▶ WHAT NEEDS TO BE DONE: Only the lines from the start of the entries through the line with "SprayRoller with 517 Tip" should be returned, each exactly as it stands, and no pictures.

--- START ---

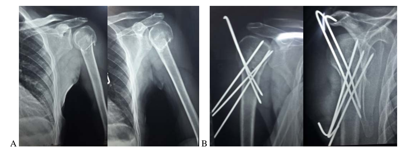
Fig. 2a: Pre-operative AP and Lateral radiographs of proximal humurs fracture in Group 2. b: Post-operative AP and lateral radiographs of fracture following K-wire fixation.

dence of union, more aggressive motion and rotational exercise are then applied to regain range of motion of shoulder at two months after surgery.
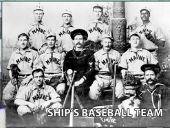
SHIP'S BASEBALL TEAM
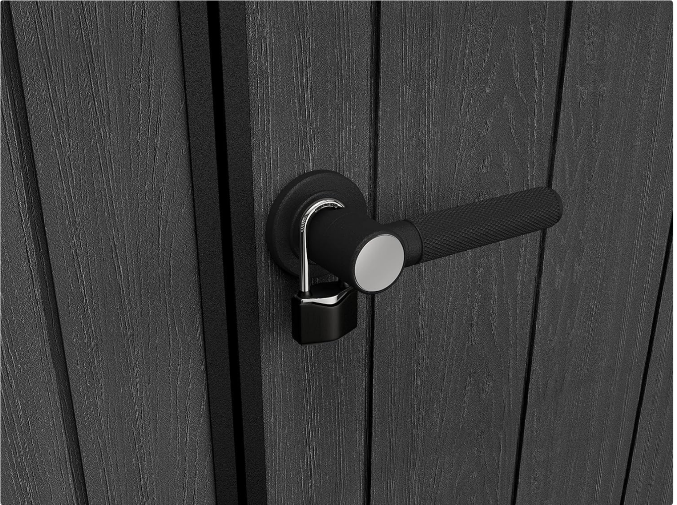
Image: Close-up of the shed's door handle, showing the integrated locking mechanism where a padlock can be attached.
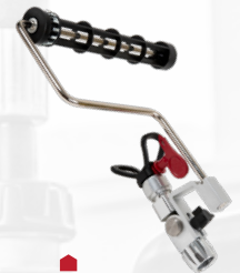
SprayRoller with 517 Tip
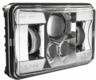
Part Number 0551371 12-24V DOT/ECE LED RHT Low Beam Headlight with Chrome Bezel
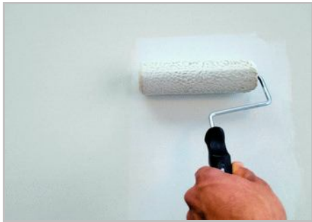
Step 1 - To start, apply Primus Sabbia

Conservation: in a dry, cool place, away from the frost and humidity.
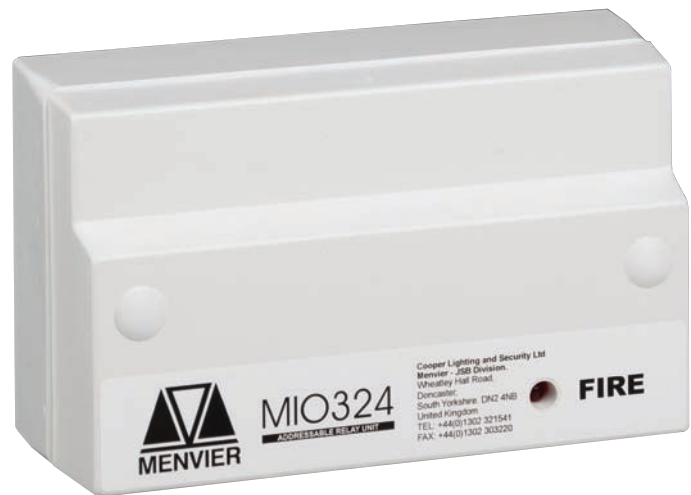
MIO324 3 channel I/O unit
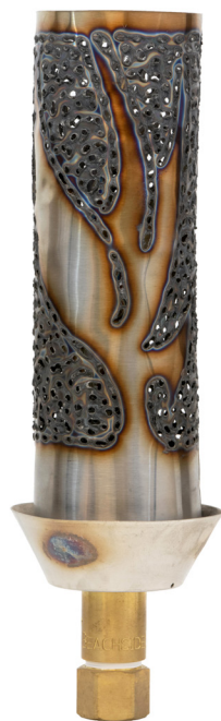
TK-N-BOP (Natural gas) TK-P-BOP (Propane gas)
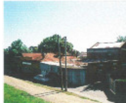
City of Darebin Heritage Review 2000
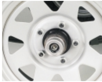
E-Z Lube Axle Offers convenient wheel bearing lubrication thru zerk fittings.
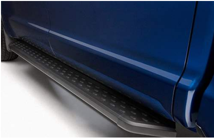
Running Boards $770.01

Gain easy access into your Tundra while enhancing the exterior appearance. These Side Step Bars feature a corrosion-resistant aluminum construction, with a skid-resistant step pad to help ensure secure footing when entering your Tundra.
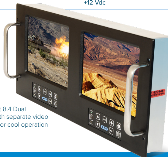
The Saber RackMount 8.4 Dual features 2 displays with separate video inputs, and dual fans for cool operation
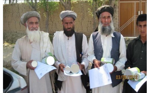
Farmers receiving improved vegetable seeds in Baghlan –e Markaz
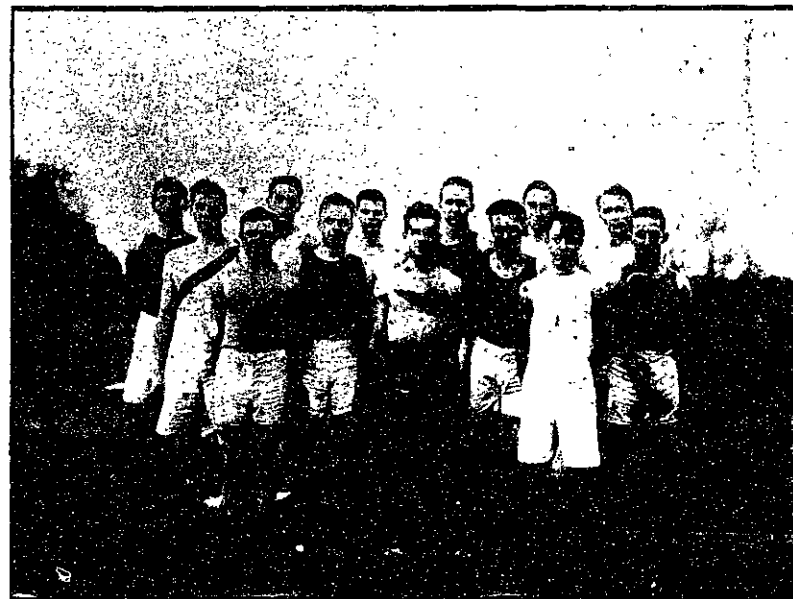
1916 RELAY TEAM

In case some of the men have not started their books, but have good ideas as to the plots, even outlines of what they have, will be sufficient to hand in,

--- END ---

▶ RESPONSE TO THE EXERCISE:
Fig. 2a: Pre-operative AP and Lateral radiographs of proximal humurs fracture in Group 2. b: Post-operative AP and lateral radiographs of fracture following K-wire fixation.

dence of union, more aggressive motion and rotational exercise are then applied to regain range of motion of shoulder at two months after surgery.
SHIP'S BASEBALL TEAM
Image: Close-up of the shed's door handle, showing the integrated locking mechanism where a padlock can be attached.
SprayRoller with 517 Tip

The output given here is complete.